= YOUR TASK =
Lines from the one with "Alta inclinação (mergulho)" up to and including the one with "救命!这双Nike Shox Z的豆沙紫也太懂女生了✨" are to be copied exactly from the records below, without their pictures.

******************************

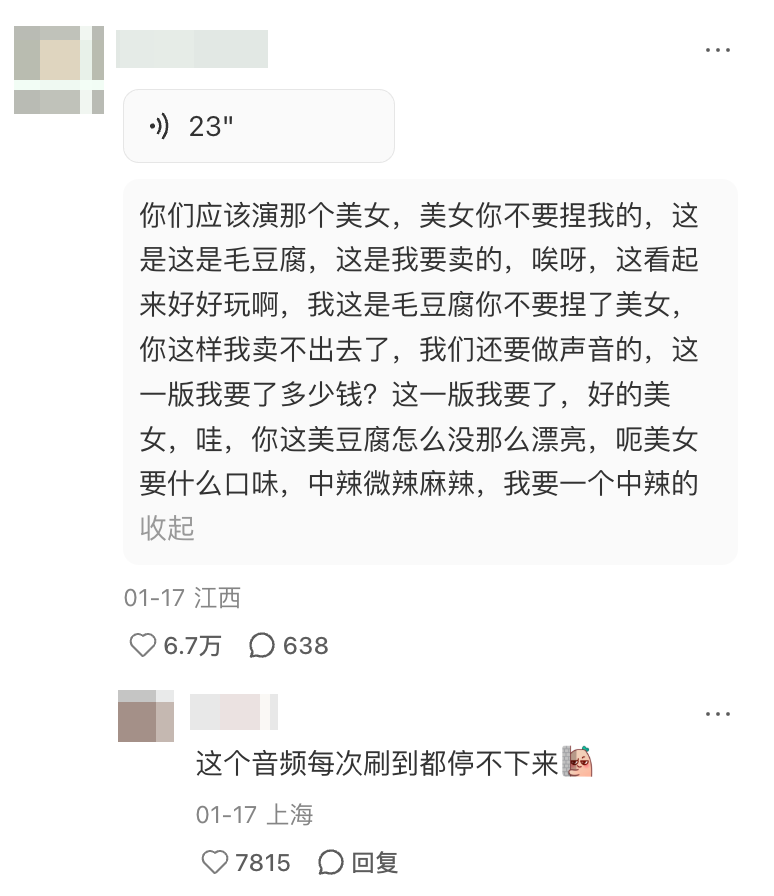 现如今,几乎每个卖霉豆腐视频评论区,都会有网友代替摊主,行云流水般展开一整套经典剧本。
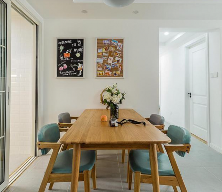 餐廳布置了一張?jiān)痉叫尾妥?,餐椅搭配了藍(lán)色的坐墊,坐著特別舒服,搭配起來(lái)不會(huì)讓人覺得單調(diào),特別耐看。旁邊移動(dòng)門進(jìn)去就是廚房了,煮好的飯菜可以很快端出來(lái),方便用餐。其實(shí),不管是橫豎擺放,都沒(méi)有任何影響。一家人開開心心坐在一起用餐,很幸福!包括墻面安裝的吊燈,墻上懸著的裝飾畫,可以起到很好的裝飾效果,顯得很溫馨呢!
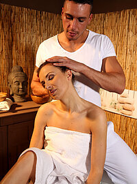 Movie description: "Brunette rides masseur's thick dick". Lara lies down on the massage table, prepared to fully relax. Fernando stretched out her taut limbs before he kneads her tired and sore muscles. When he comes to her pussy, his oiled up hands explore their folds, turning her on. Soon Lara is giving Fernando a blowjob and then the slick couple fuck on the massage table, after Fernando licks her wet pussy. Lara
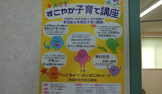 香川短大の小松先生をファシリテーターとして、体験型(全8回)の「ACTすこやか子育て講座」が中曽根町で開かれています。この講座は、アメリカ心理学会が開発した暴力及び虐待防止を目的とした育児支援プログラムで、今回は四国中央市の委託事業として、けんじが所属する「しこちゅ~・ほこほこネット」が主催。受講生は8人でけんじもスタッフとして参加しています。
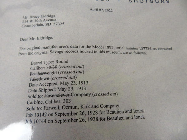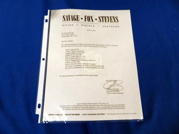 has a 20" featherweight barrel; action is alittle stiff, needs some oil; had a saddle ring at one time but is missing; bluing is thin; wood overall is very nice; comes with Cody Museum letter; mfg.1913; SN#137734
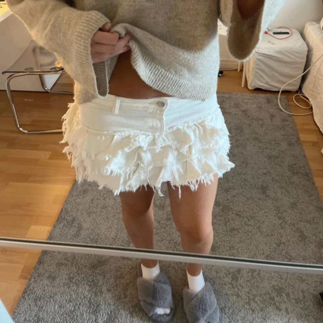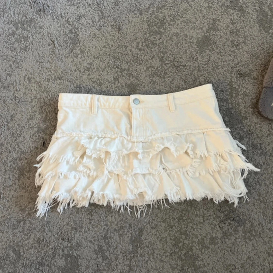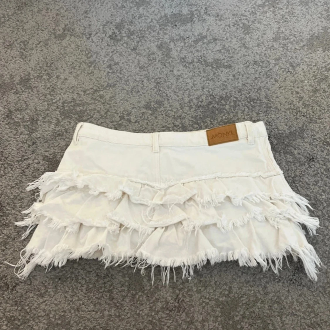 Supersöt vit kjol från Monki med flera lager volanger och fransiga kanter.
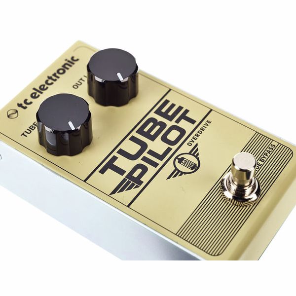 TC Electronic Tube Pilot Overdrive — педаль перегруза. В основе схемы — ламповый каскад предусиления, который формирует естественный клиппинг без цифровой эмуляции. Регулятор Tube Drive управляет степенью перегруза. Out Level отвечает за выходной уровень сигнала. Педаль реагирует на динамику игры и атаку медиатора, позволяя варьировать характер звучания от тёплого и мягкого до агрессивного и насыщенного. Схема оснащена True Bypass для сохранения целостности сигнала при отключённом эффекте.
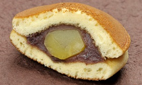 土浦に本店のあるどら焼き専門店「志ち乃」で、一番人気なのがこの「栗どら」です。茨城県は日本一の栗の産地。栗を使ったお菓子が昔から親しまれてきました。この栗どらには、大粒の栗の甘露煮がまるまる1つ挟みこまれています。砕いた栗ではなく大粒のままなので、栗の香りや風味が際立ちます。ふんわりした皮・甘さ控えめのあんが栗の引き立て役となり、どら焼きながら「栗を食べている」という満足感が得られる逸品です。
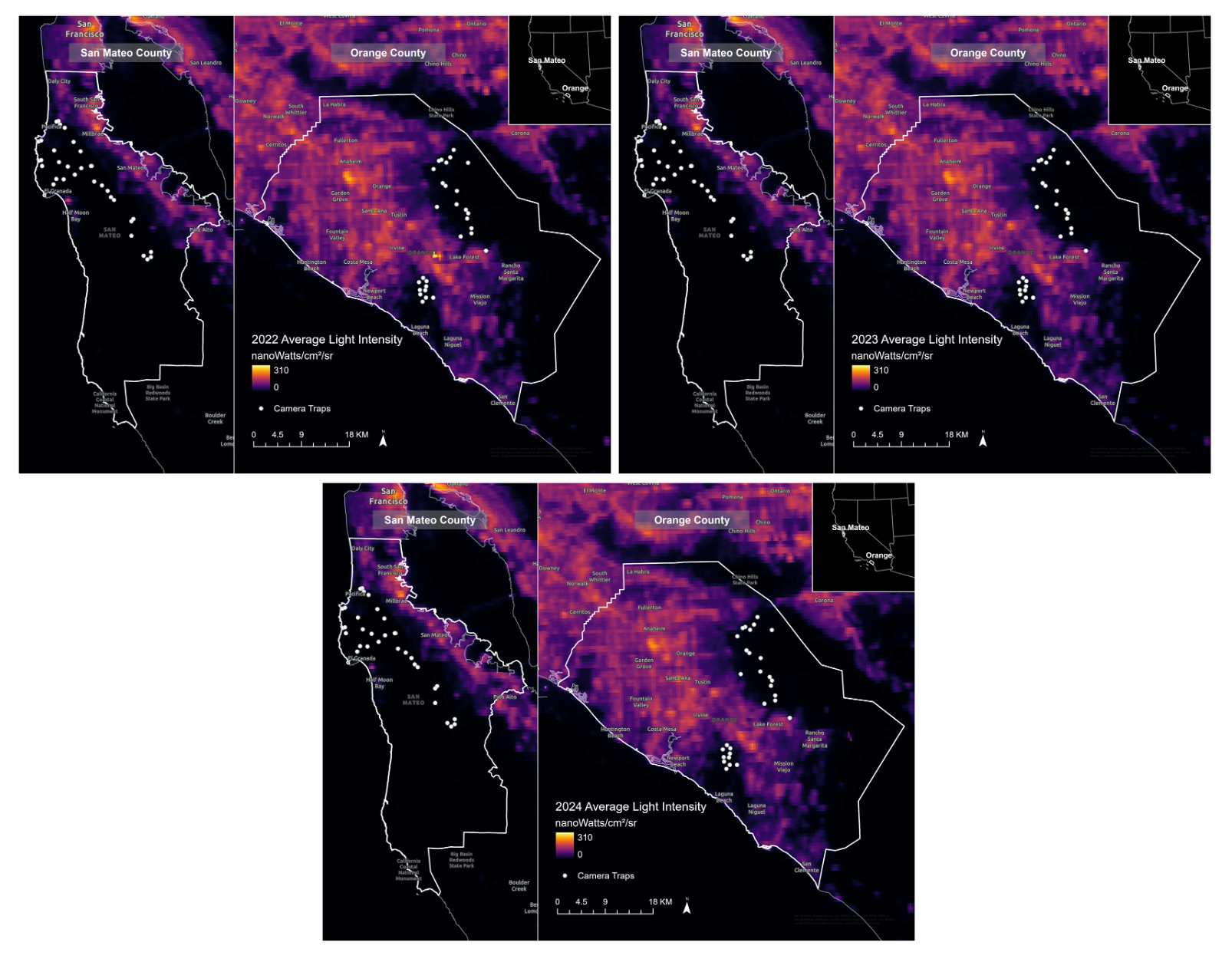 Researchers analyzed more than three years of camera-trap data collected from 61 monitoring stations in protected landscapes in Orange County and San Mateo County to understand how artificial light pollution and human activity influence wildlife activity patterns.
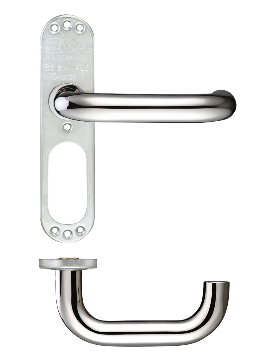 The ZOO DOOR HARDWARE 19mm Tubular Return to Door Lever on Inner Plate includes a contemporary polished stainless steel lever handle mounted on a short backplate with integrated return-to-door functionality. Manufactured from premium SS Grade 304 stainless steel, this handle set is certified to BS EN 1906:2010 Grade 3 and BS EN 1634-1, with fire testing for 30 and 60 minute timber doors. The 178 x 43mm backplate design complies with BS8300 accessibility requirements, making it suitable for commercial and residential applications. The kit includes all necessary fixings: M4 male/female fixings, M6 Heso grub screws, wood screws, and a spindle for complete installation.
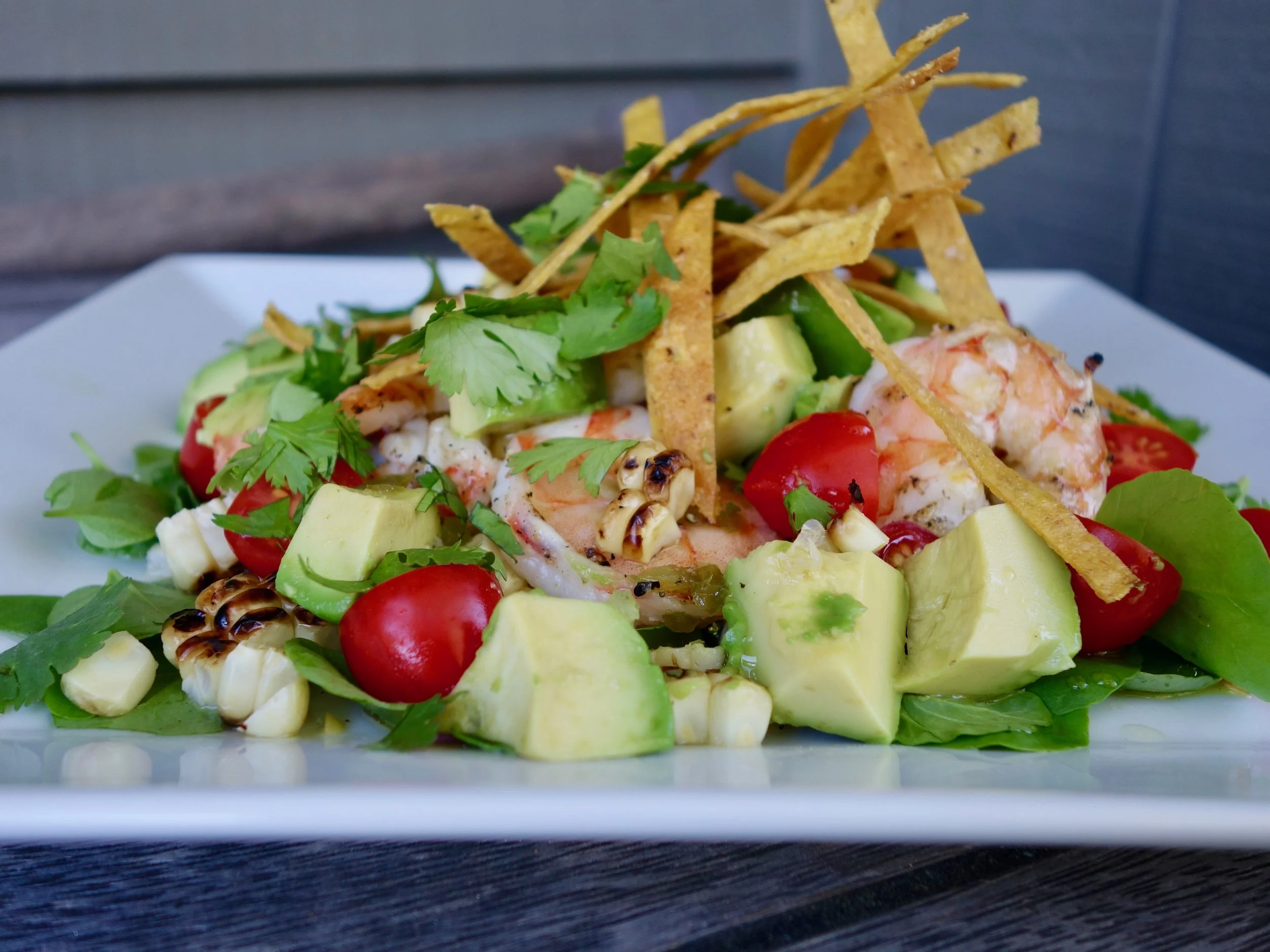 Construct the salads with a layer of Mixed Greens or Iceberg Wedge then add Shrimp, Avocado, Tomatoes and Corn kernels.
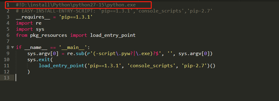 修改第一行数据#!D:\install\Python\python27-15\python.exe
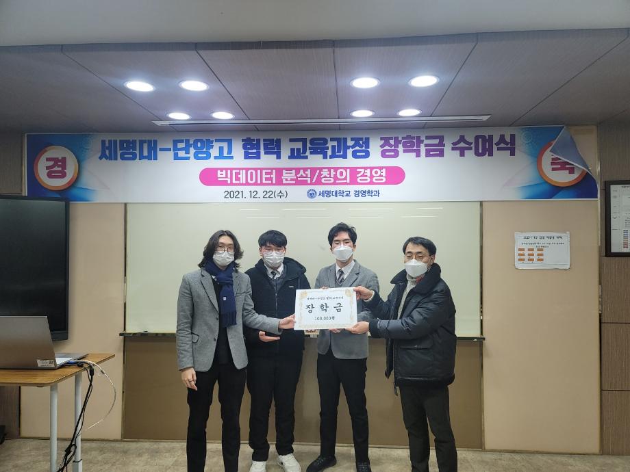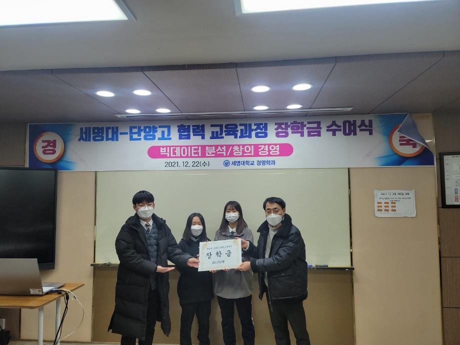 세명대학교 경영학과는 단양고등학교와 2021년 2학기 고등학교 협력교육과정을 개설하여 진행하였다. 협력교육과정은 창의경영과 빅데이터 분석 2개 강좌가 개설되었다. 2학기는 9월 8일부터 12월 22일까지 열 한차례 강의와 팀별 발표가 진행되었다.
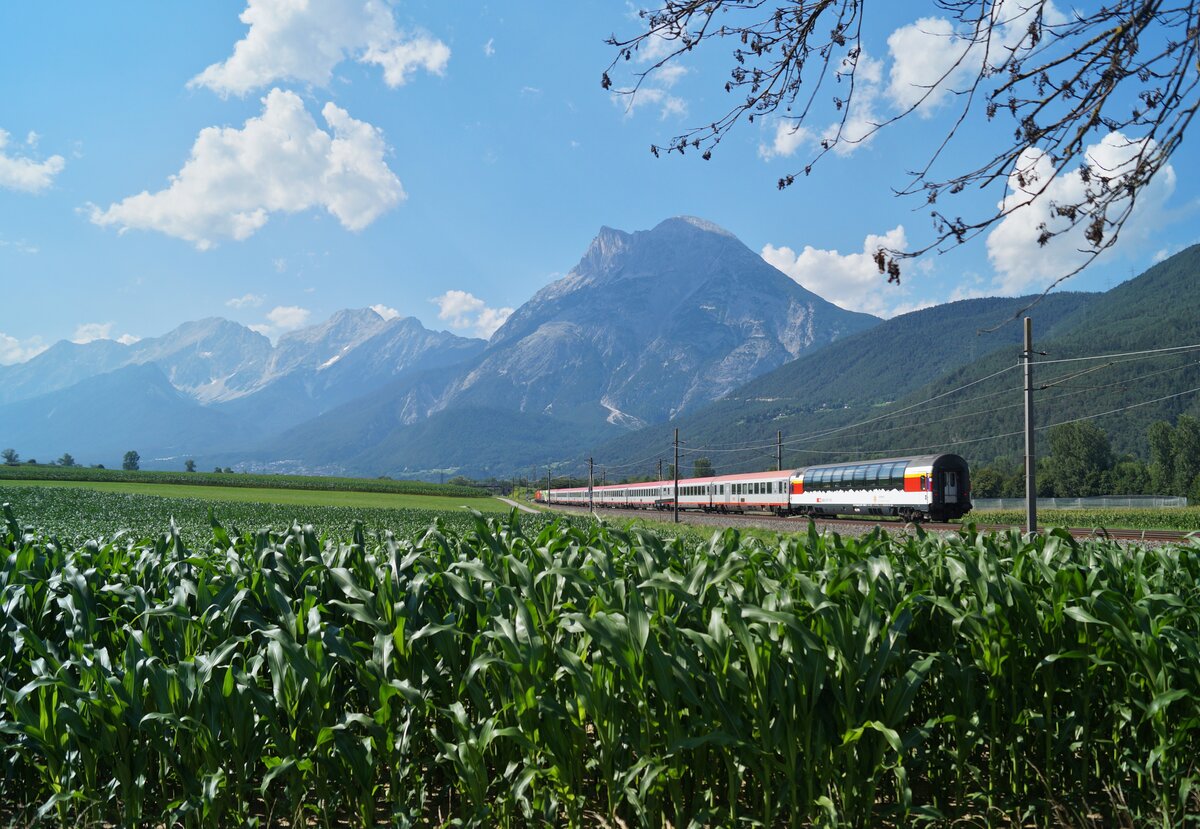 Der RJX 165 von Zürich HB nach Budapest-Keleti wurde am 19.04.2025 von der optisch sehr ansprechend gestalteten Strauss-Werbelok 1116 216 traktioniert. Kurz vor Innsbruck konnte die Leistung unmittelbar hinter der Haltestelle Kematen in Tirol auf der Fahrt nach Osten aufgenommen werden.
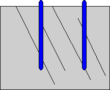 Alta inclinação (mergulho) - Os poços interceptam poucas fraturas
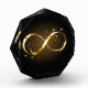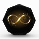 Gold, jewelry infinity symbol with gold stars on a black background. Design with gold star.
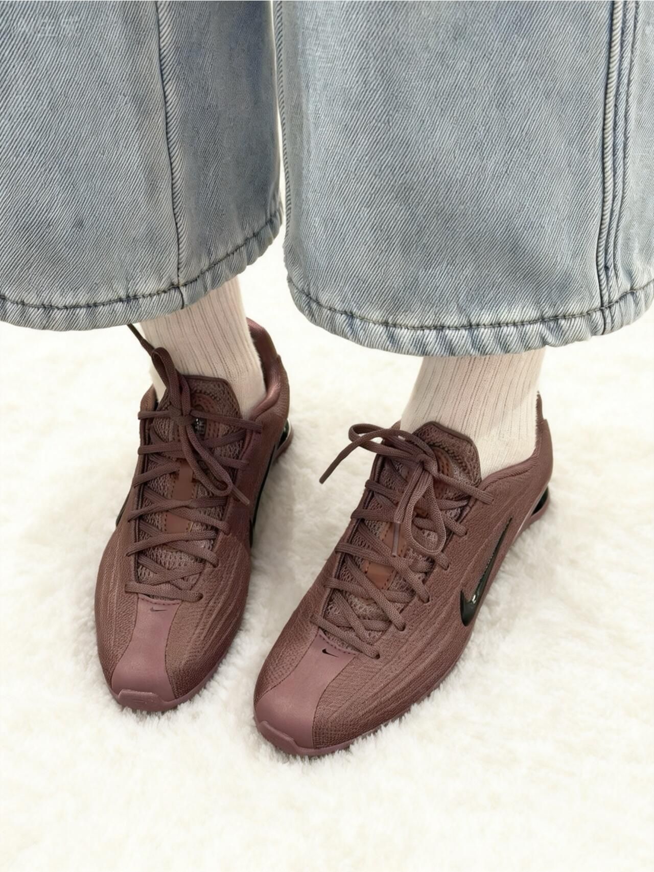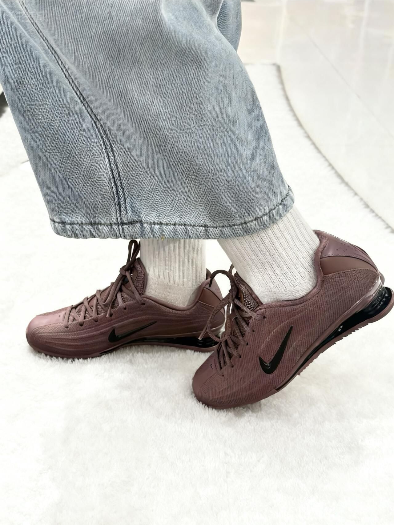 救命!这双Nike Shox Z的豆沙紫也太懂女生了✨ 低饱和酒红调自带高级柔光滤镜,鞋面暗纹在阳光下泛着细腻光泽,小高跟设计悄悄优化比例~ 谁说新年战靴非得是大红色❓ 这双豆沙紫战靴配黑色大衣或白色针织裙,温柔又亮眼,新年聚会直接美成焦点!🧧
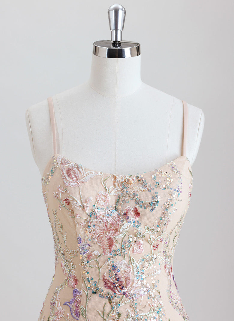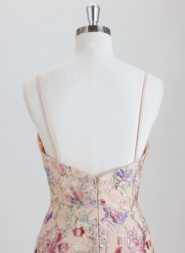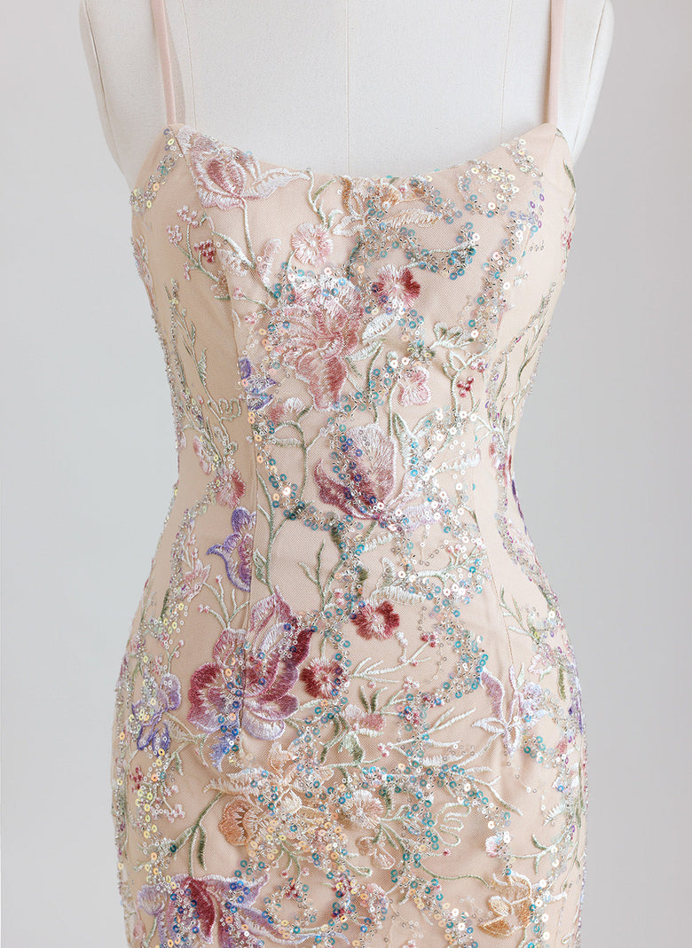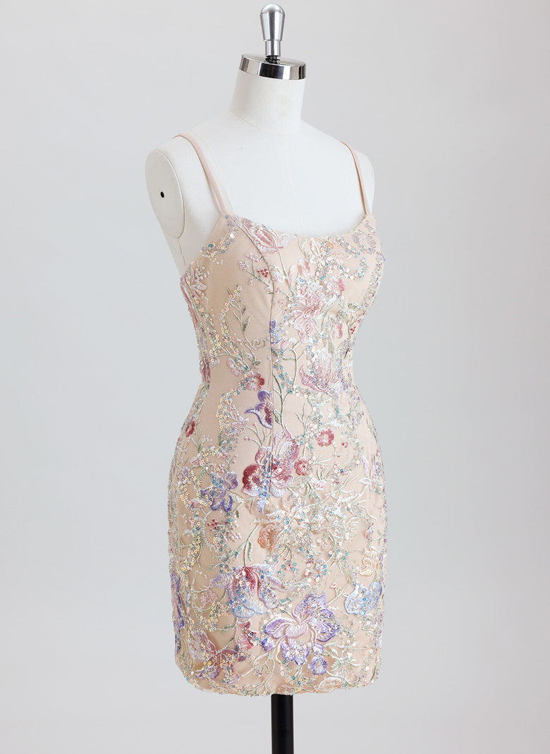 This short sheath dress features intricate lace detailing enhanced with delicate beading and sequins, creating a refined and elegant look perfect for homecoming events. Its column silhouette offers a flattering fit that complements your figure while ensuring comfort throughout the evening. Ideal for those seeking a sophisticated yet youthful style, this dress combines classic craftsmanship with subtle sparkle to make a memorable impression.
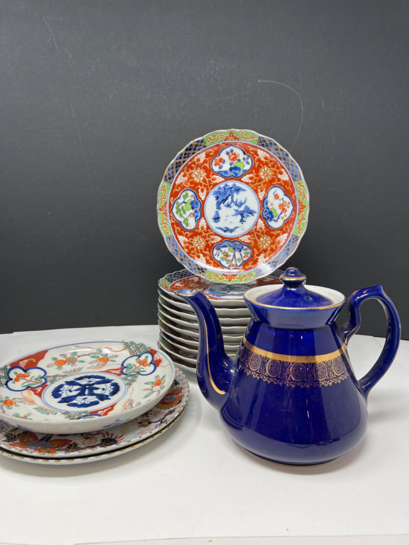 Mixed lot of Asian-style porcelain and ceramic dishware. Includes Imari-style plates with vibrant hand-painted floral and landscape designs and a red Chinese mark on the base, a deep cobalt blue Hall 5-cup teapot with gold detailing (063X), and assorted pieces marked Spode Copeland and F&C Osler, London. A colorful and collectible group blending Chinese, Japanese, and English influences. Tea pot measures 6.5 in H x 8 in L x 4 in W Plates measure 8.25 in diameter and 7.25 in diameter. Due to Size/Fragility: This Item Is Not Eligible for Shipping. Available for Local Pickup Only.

******************************

= RESPONSE TO THIS TASK =
 Alta inclinação (mergulho) - Os poços interceptam poucas fraturas
 Gold, jewelry infinity symbol with gold stars on a black background. Design with gold star.
 救命!这双Nike Shox Z的豆沙紫也太懂女生了✨ 低饱和酒红调自带高级柔光滤镜,鞋面暗纹在阳光下泛着细腻光泽,小高跟设计悄悄优化比例~ 谁说新年战靴非得是大红色❓ 这双豆沙紫战靴配黑色大衣或白色针织裙,温柔又亮眼,新年聚会直接美成焦点!🧧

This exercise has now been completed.